Consideration visualization from the output tokens to the multi-scale illustration, together with the unique decision picture and two proportionally resized photos. Brighter areas point out increased consideration, which signifies that these areas are extra vital for the mannequin output. Photos for illustration are taken from the AVA dataset.

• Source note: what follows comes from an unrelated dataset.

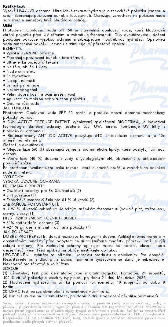 BIODERMA Photoderm opalovací voda SPF50 200ml
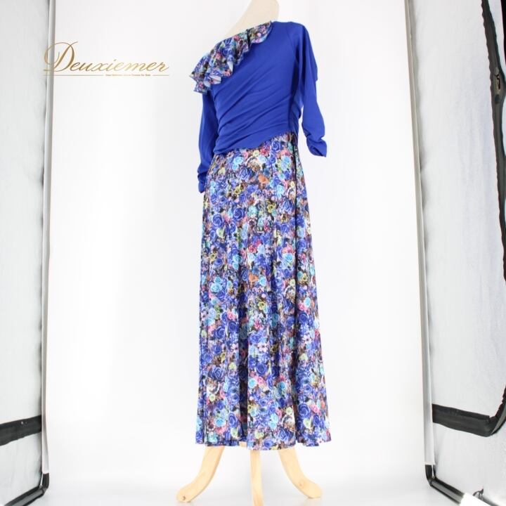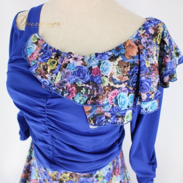 #社交ダンス #ダンス衣装 #ダンスドレス #ブルー #花柄 #トルソー #パーティー衣装 #春夏ファッション #フィットネス #ファッション #ダンスパフォーマンス #ダンススタイル #コスチューム #ポリエステル #ポリウレタン #おしゃれ #ドレスアップ #衣装販売 #体型カバー #ENUTSU

We observe that MUSIQ tends to give attention to extra detailed areas within the full, high-resolution photos and on extra international areas on the resized ones. For instance, for the flower picture above, the mannequin’s consideration on the unique picture is specializing in the pedal particulars, and the eye shifts to the buds at decrease resolutions. This reveals that the mannequin learns to seize picture high quality at completely different granularities.

Conclusion

We suggest a multi-scale picture high quality transformer (MUSIQ), which may deal with full-size picture enter with various resolutions and facet ratios. By remodeling the enter picture to a multi-scale illustration with each international and native views, the mannequin can seize the picture high quality at completely different granularities. Though MUSIQ is designed for IQA, it may be utilized to different situations the place process labels are delicate to picture decision and facet ratio. The MUSIQ mannequin and checkpoints can be found at our GitHub repository.

Acknowledgements

This work is made potential via a collaboration spanning a number of groups throughout Google. We’d wish to acknowledge contributions from Qifei Wang, Yilin Wang and Peyman Milanfar.